▸ **DATA PROVIDED**
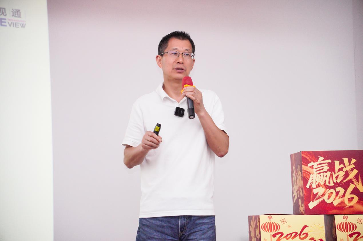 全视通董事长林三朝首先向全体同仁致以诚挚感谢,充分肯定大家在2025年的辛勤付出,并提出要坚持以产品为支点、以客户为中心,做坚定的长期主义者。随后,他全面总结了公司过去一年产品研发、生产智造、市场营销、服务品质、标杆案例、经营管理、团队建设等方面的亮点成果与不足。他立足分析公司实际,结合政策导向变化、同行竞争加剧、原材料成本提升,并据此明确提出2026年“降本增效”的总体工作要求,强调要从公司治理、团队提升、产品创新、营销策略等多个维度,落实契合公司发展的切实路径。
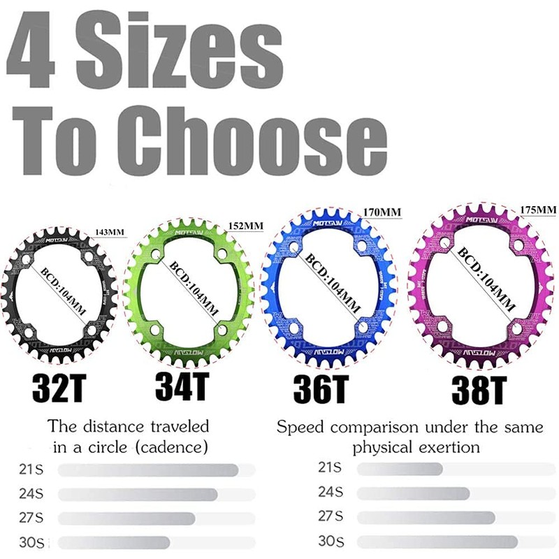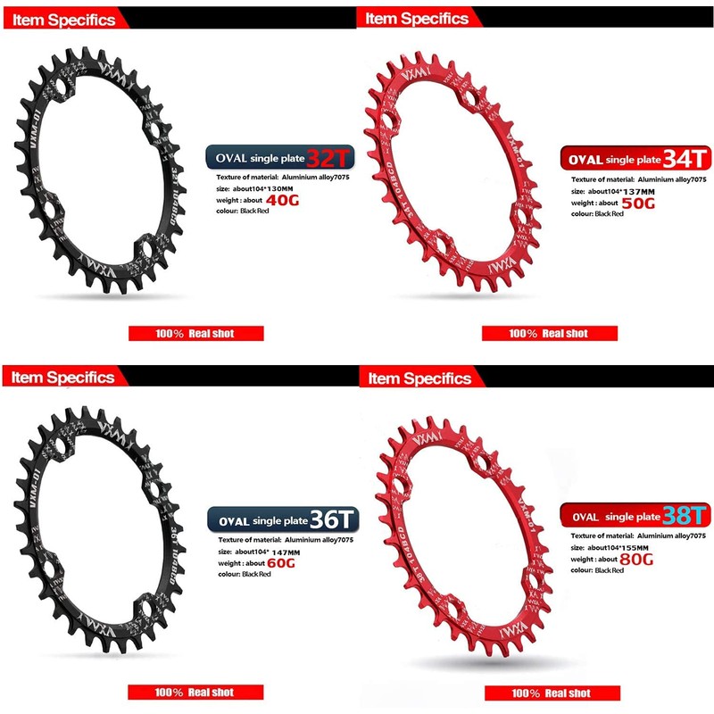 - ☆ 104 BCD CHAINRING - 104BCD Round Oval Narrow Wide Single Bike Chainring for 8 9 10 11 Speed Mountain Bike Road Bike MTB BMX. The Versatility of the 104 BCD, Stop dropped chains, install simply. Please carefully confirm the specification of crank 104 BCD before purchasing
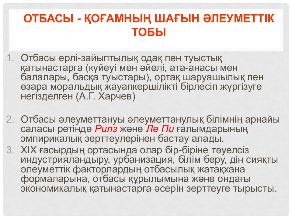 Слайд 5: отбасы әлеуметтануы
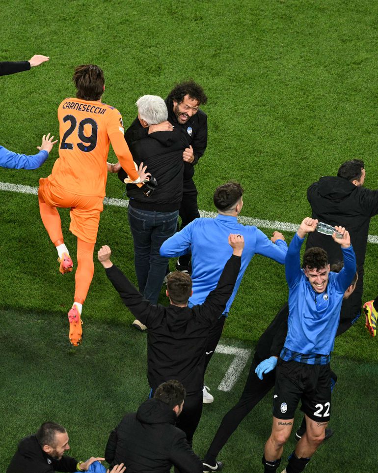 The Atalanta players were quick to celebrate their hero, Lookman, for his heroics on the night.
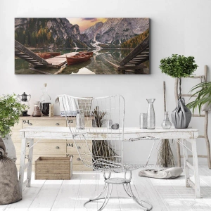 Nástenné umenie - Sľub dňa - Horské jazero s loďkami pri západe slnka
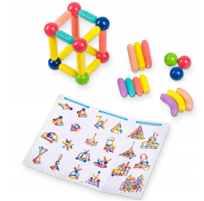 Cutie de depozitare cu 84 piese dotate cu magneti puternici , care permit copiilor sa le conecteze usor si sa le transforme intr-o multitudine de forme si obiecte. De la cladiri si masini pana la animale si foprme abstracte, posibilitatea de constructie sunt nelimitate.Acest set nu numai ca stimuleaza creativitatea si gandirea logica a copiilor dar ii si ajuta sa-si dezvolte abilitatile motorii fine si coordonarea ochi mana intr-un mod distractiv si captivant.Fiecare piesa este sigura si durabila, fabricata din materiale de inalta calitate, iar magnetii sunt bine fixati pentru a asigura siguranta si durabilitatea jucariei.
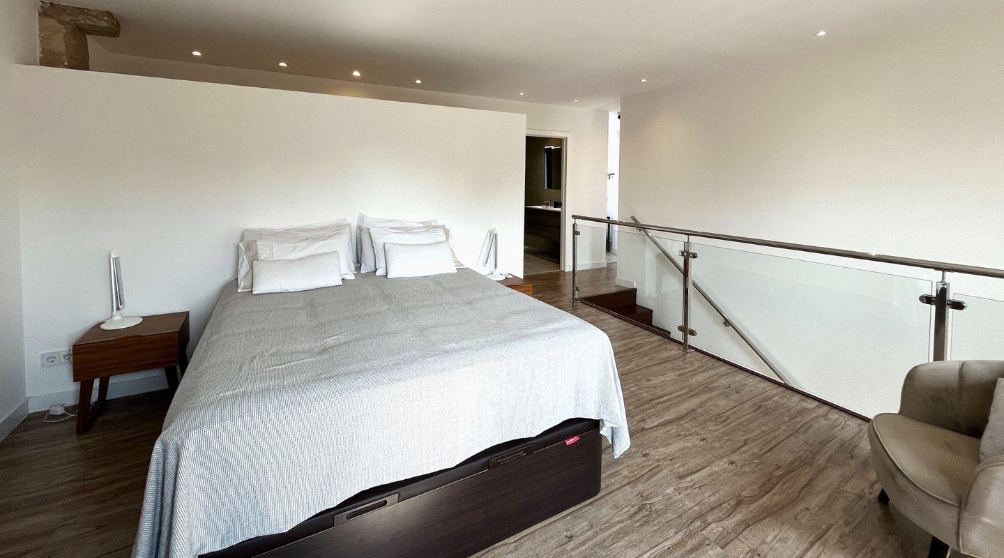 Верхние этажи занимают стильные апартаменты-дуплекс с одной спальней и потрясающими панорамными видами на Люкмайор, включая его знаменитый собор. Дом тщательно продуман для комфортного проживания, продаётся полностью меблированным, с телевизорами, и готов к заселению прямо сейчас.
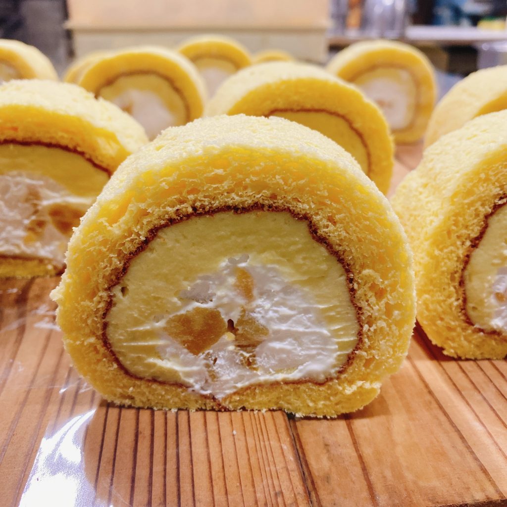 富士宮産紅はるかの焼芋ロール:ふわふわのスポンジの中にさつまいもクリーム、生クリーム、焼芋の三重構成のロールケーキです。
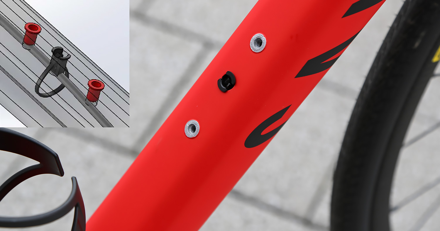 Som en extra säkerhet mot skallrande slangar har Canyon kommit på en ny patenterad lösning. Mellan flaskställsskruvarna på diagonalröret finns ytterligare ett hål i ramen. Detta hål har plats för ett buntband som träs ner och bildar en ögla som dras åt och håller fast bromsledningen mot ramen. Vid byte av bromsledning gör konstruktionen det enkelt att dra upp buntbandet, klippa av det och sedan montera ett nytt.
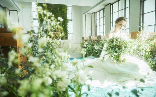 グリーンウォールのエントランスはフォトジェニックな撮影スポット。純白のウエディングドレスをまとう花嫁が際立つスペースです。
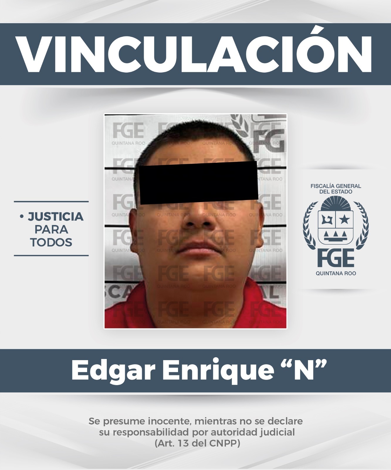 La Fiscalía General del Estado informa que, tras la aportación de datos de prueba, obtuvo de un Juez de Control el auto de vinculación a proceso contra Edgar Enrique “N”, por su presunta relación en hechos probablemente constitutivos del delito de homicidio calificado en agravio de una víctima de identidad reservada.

▸ **TRY IT**
Leave out the pictures and reproduce the rest of the listing exactly.

▸ **SOLVED PROBLEM**
 全视通董事长林三朝首先向全体同仁致以诚挚感谢,充分肯定大家在2025年的辛勤付出,并提出要坚持以产品为支点、以客户为中心,做坚定的长期主义者。随后,他全面总结了公司过去一年产品研发、生产智造、市场营销、服务品质、标杆案例、经营管理、团队建设等方面的亮点成果与不足。他立足分析公司实际,结合政策导向变化、同行竞争加剧、原材料成本提升,并据此明确提出2026年“降本增效”的总体工作要求,强调要从公司治理、团队提升、产品创新、营销策略等多个维度,落实契合公司发展的切实路径。
 - ☆ 104 BCD CHAINRING - 104BCD Round Oval Narrow Wide Single Bike Chainring for 8 9 10 11 Speed Mountain Bike Road Bike MTB BMX. The Versatility of the 104 BCD, Stop dropped chains, install simply. Please carefully confirm the specification of crank 104 BCD before purchasing
 Слайд 5: отбасы әлеуметтануы
 The Atalanta players were quick to celebrate their hero, Lookman, for his heroics on the night.
 Nástenné umenie - Sľub dňa - Horské jazero s loďkami pri západe slnka
 Cutie de depozitare cu 84 piese dotate cu magneti puternici , care permit copiilor sa le conecteze usor si sa le transforme intr-o multitudine de forme si obiecte. De la cladiri si masini pana la animale si foprme abstracte, posibilitatea de constructie sunt nelimitate.Acest set nu numai ca stimuleaza creativitatea si gandirea logica a copiilor dar ii si ajuta sa-si dezvolte abilitatile motorii fine si coordonarea ochi mana intr-un mod distractiv si captivant.Fiecare piesa este sigura si durabila, fabricata din materiale de inalta calitate, iar magnetii sunt bine fixati pentru a asigura siguranta si durabilitatea jucariei.
 Верхние этажи занимают стильные апартаменты-дуплекс с одной спальней и потрясающими панорамными видами на Люкмайор, включая его знаменитый собор. Дом тщательно продуман для комфортного проживания, продаётся полностью меблированным, с телевизорами, и готов к заселению прямо сейчас.
 富士宮産紅はるかの焼芋ロール:ふわふわのスポンジの中にさつまいもクリーム、生クリーム、焼芋の三重構成のロールケーキです。
 Som en extra säkerhet mot skallrande slangar har Canyon kommit på en ny patenterad lösning. Mellan flaskställsskruvarna på diagonalröret finns ytterligare ett hål i ramen. Detta hål har plats för ett buntband som träs ner och bildar en ögla som dras åt och håller fast bromsledningen mot ramen. Vid byte av bromsledning gör konstruktionen det enkelt att dra upp buntbandet, klippa av det och sedan montera ett nytt.
 グリーンウォールのエントランスはフォトジェニックな撮影スポット。純白のウエディングドレスをまとう花嫁が際立つスペースです。
 La Fiscalía General del Estado informa que, tras la aportación de datos de prueba, obtuvo de un Juez de Control el auto de vinculación a proceso contra Edgar Enrique “N”, por su presunta relación en hechos probablemente constitutivos del delito de homicidio calificado en agravio de una víctima de identidad reservada.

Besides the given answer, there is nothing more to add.